EXERCISE:
Without any pictures, print exactly the lines that run from the start of the data through the line containing "Why Choose A-Line".

[Items from a data source]
=-=-=

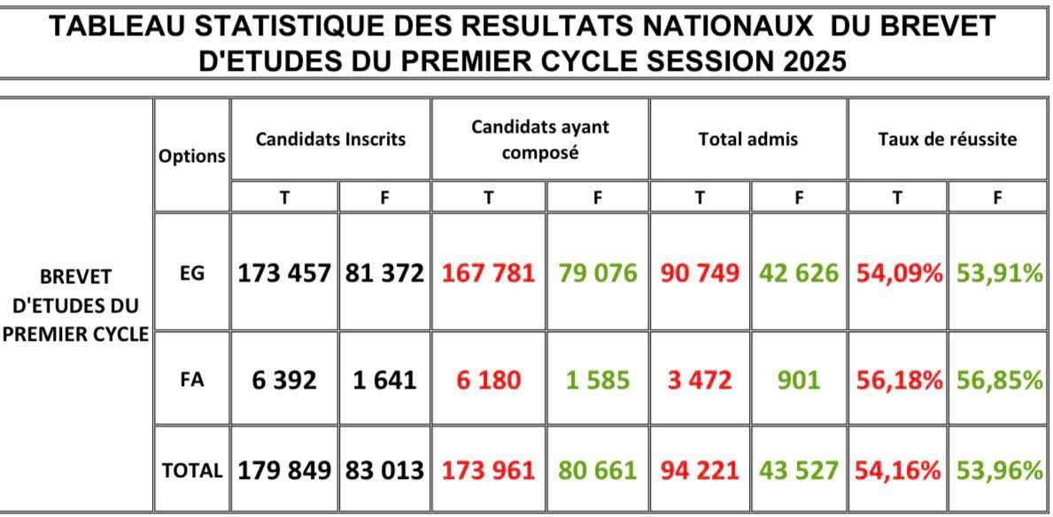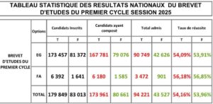 Après la proclamation des résultats du Certificat d’Études Élémentaires (CEE), le ministère de l’Enseignement pré-universitaire et de l’Alphabétisation a publié les résultats nationaux du Brevet d’Études du Premier Cycle (BEPC), session 2025 ce jeudi 17 juillet 2025. Sur 262 862 candidats inscrits, 254 622 ont effectivement composé. Au total, 137 748 ont été admis, soit un taux de réussite national de 54,16 %.
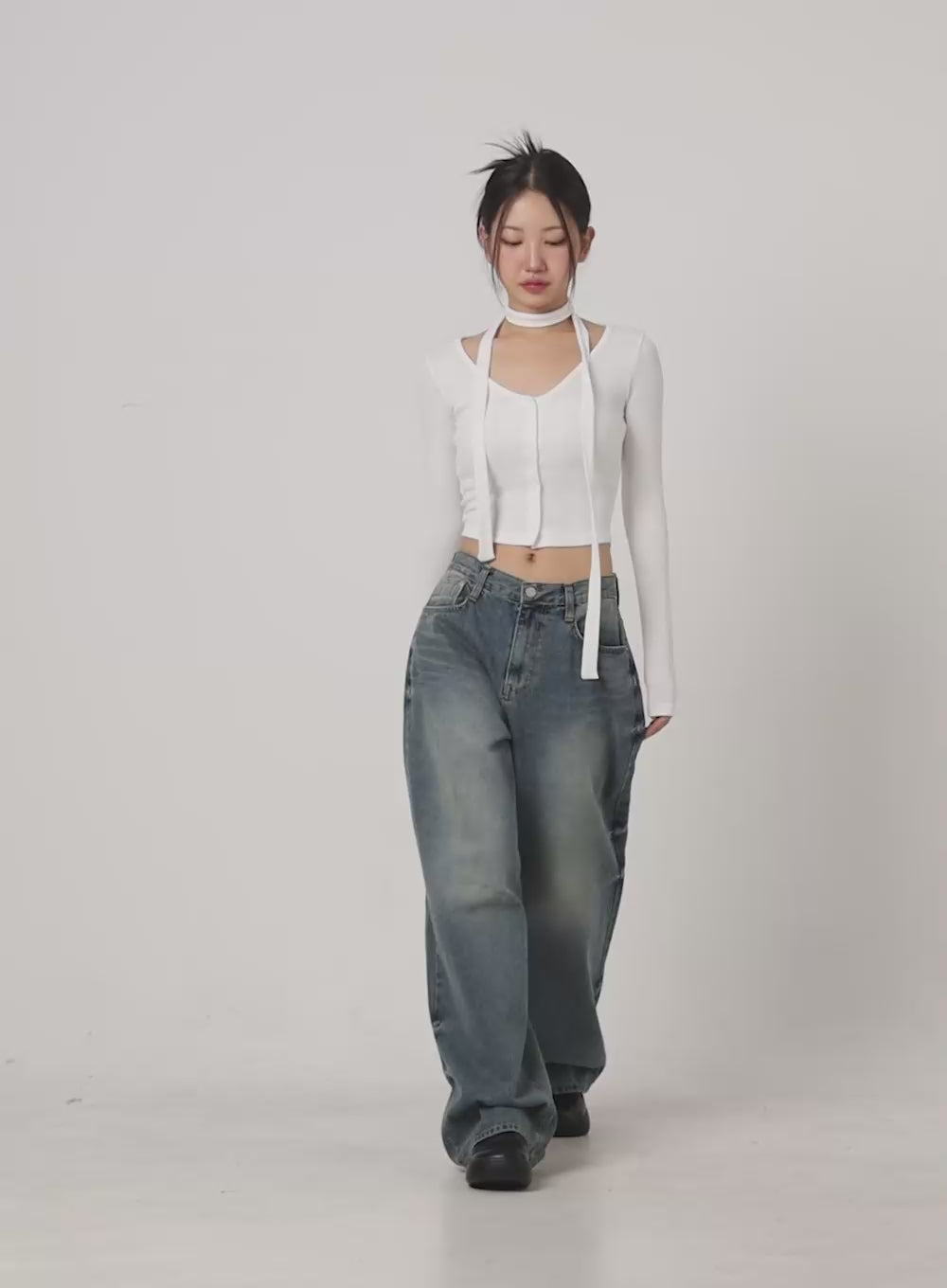 buttoned-halter-neck-crop-top-cu518 / Gray
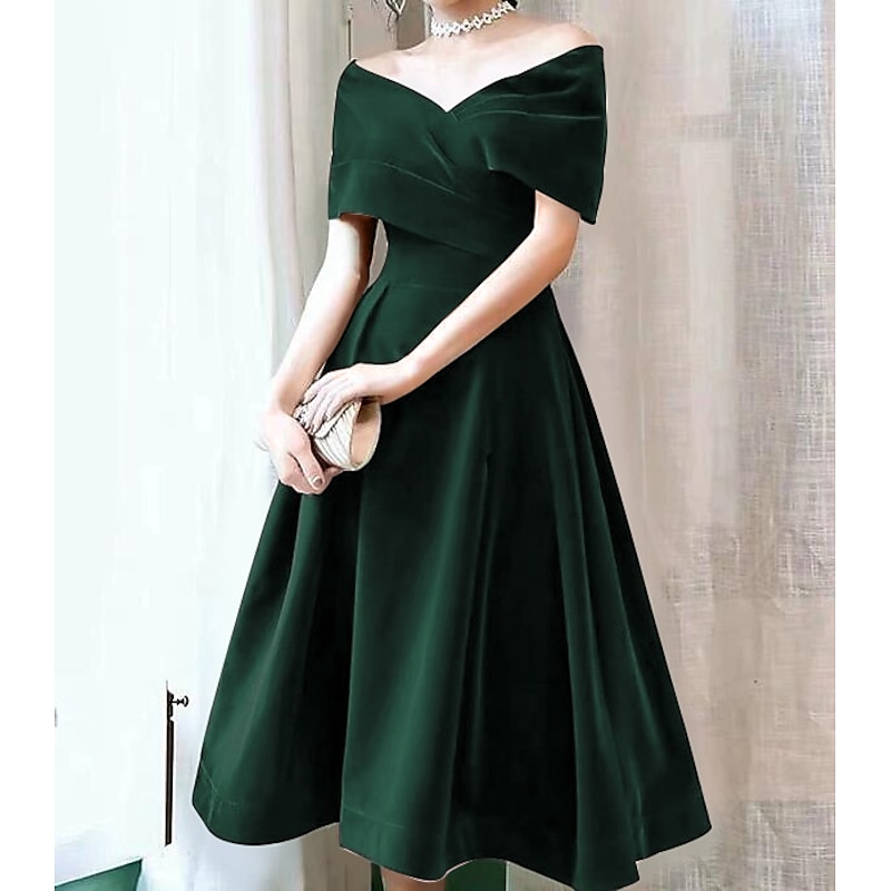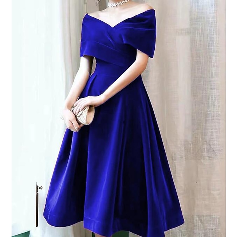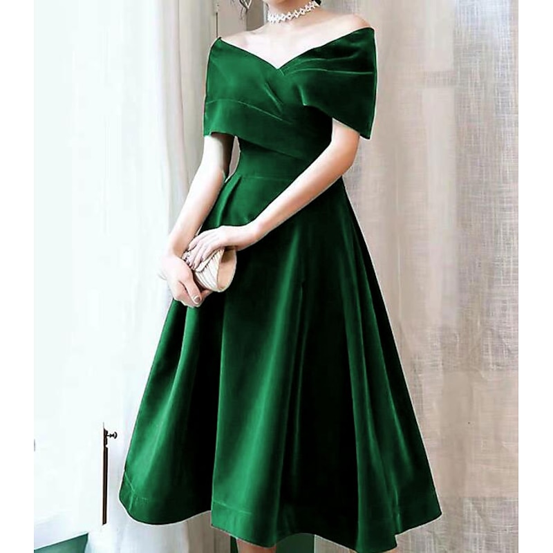 Why Choose A-Line Cocktail Dresses Elegant Dress Wedding Guest Knee Length Short Sleeve Off Shoulder Velvet with Pleats Pure Color Dresses?
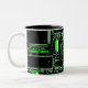 Modern design featuring a close up of a computer circuit board in green, black and white, and your initials in green. Mug with a customisable design for you to personalise with your own text, pictures and ideas. Created using an original photograph and digital techniques by Jess Perry.
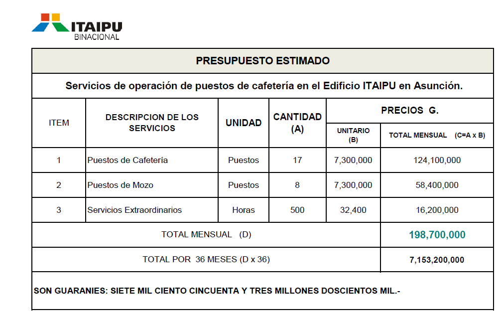 Itaipú Binacional, bajo la presidencia paraguaya de Justo Zacarías Irún, prevé un llamado a licitación el 29 de octubre de 2025 para contratar un servicio de cafetería en su sede de Asunción. El monto proyectado es de G. 7.153 millones, casi USD 1 millón, para cubrir 36 meses de un servicio que incluye desde mozos hasta seguros privados, en una muestra más del lujo institucional.
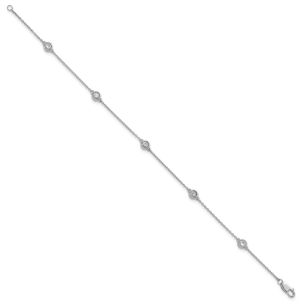 14k White Gold Complete 1/3 carat Bezel-set Diamond and Cable Chain 5-Station 7 inch Bracelet

=-=-=

EXERCISE SOLUTION:
 Après la proclamation des résultats du Certificat d’Études Élémentaires (CEE), le ministère de l’Enseignement pré-universitaire et de l’Alphabétisation a publié les résultats nationaux du Brevet d’Études du Premier Cycle (BEPC), session 2025 ce jeudi 17 juillet 2025. Sur 262 862 candidats inscrits, 254 622 ont effectivement composé. Au total, 137 748 ont été admis, soit un taux de réussite national de 54,16 %.
 buttoned-halter-neck-crop-top-cu518 / Gray
 Why Choose A-Line Cocktail Dresses Elegant Dress Wedding Guest Knee Length Short Sleeve Off Shoulder Velvet with Pleats Pure Color Dresses?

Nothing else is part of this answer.